Americans have missed out on almost $200 billion of stock gains as they drained money from the market in the past four years, haunted by the financial crisis.

Assets in equity mutual, exchange-traded and closed-end funds increased about 85 percent to $5.6 trillion since the bull market began in March 2009, trailing the Standard & Poor’s 500 Index’s 94 percent advance, according to data compiled by Bloomberg and Morningstar Inc.

The big financial repression:

With ten-year US Treasury notes yielding 1.6% and inflation running at 2.2%, note holders are guaranteed a loss of at least six-tenths of a percent – and that’s before taxes. Add in Uncle Sam’s take, and 10-year T-note holders are taking “real” hits of up to 35% in purchasing power for any
bond held outside tax-deferred plans. This means portfolios laden with supposedly “safe” 10-year Treasury debt risk are going bankrupt gradually.

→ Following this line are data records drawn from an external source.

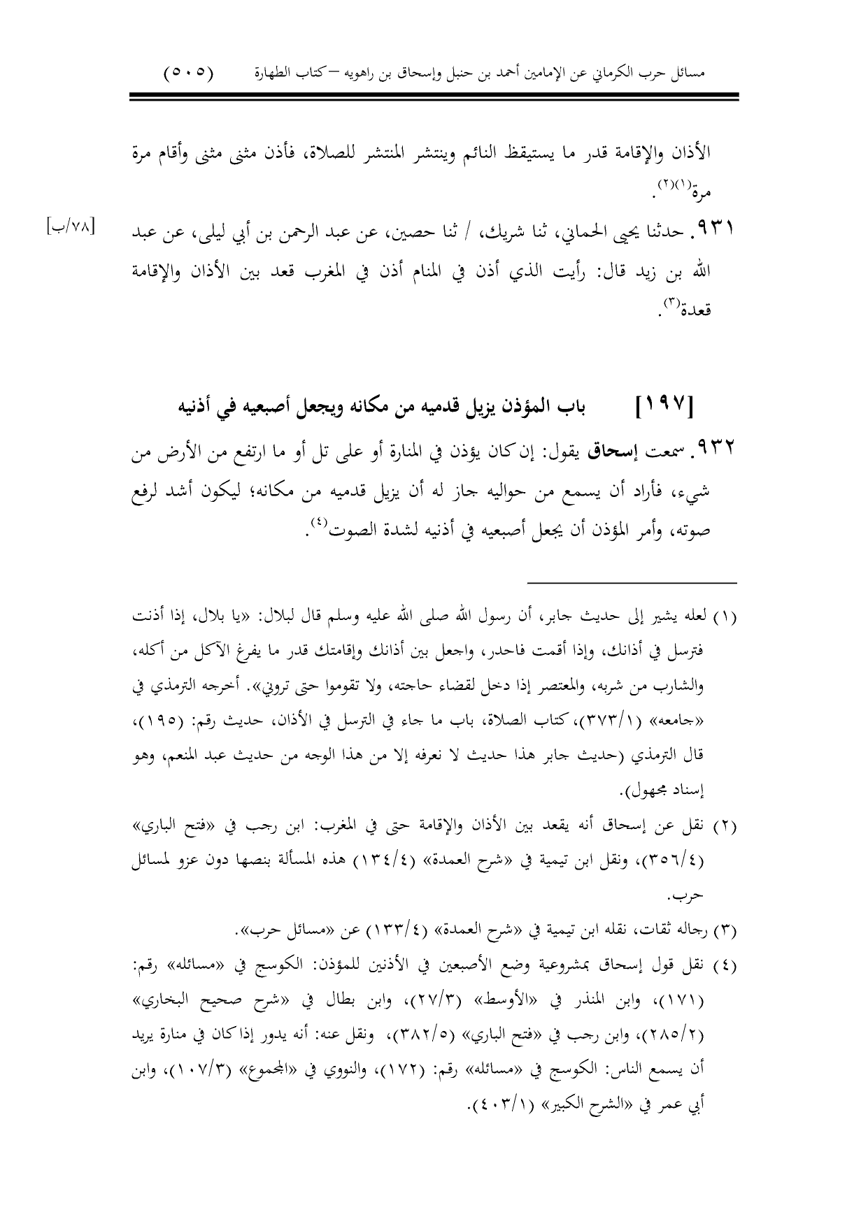 932 - سمعت إسحاق يقول: إن كان يؤذن في المنارة أو على تل أو ما ارتفع من الأرض من شيء، فأراد أن يسمع من حواليه جاز له أن يزيل قدميه من مكانه؛ ليكون أشد لرفع صوته، وأمر المؤذن أن يجعل أصبعيه في أذنيه لشدة الصوت.
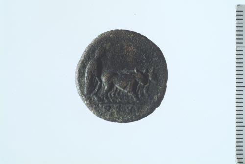 Dritto: Testa laureata di Commodo a d.. Rovescio: Commodo in atto di spingere l'aratro verso d.
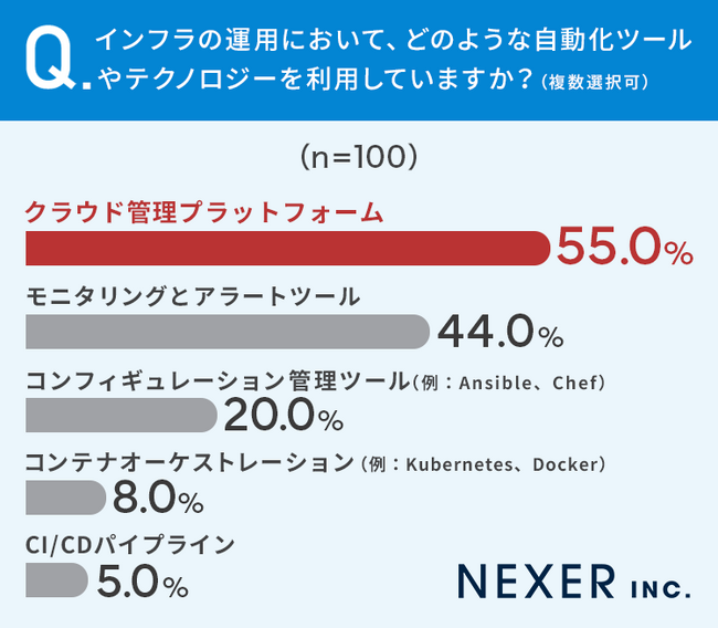 続いてインフラの運用において、どのような自動化ツールやテクノロジーを利用しているのかも聞いてみました。
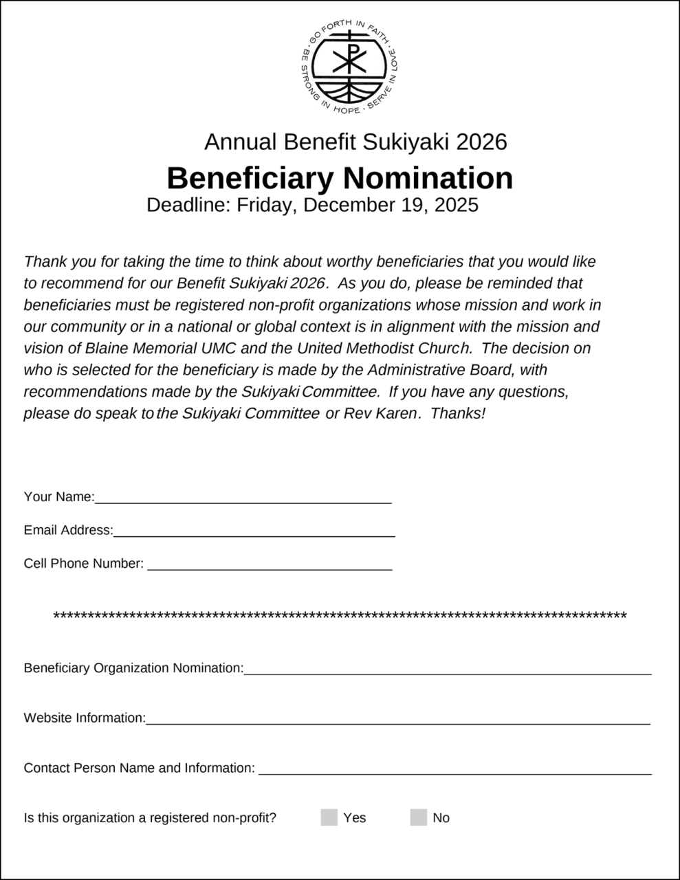 Do you know of any organization or cause that would be worthy of supporting in 2026? Download above the Sukiyaki 2026 Beneficiary Form and let us know who Blaine Memorial UMC can provide a lift this spring.
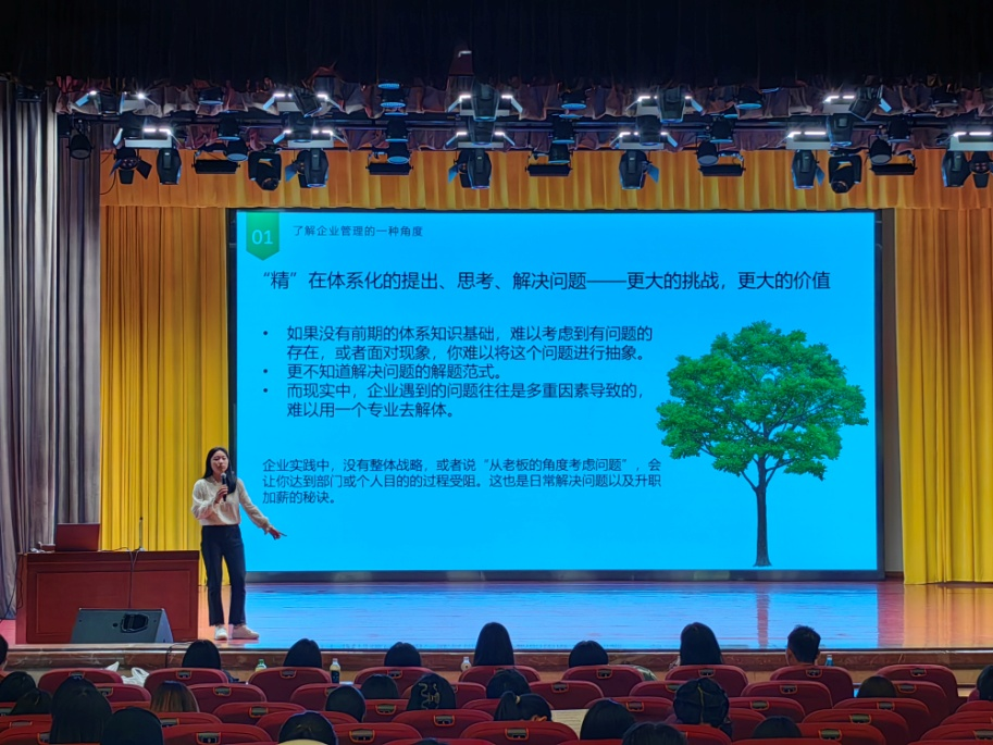 春光作序,万物和鸣。为充分汇聚校友资源、挖掘校友典型、凝聚校友力量,着力构建校友与母校、母院的事业命运共同体,正值专业分流之际,4月13日下午,管理学院于学术会堂召开专业分流暨校友经验分享会,12位2019级优秀毕业生校友受邀返校做分享,2023级全体学生参会。会议由2023级辅导员李丹主持。
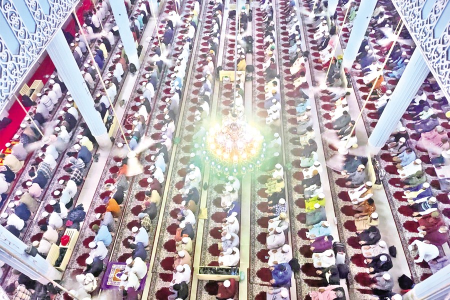 Muslim devotees offer prayers for Shab-e-Barat at the Baitul Mukarram mosque in the capital on Tuesday night. Prayers have been organised in mosques across the country marking the occasion. — Focus Bangla

Meanwhile, the world’s central banks are doing all they can to make sure inflation rises well above today’s 2.2% rate. Led by the Fed, they have flooded the global financial system with US$11 trillion in new money since 2007 and show no signs of slowing down. They will either get the inflation they desire or bankrupt the global financial system trying. In mid-December, Ben Bernanke and Company announced plans to buy US$45 billion in long-term US Treasury debt per month with money virtually created out of thin air, bloating the Fed’s already unwieldy balance sheet to monstrous proportions.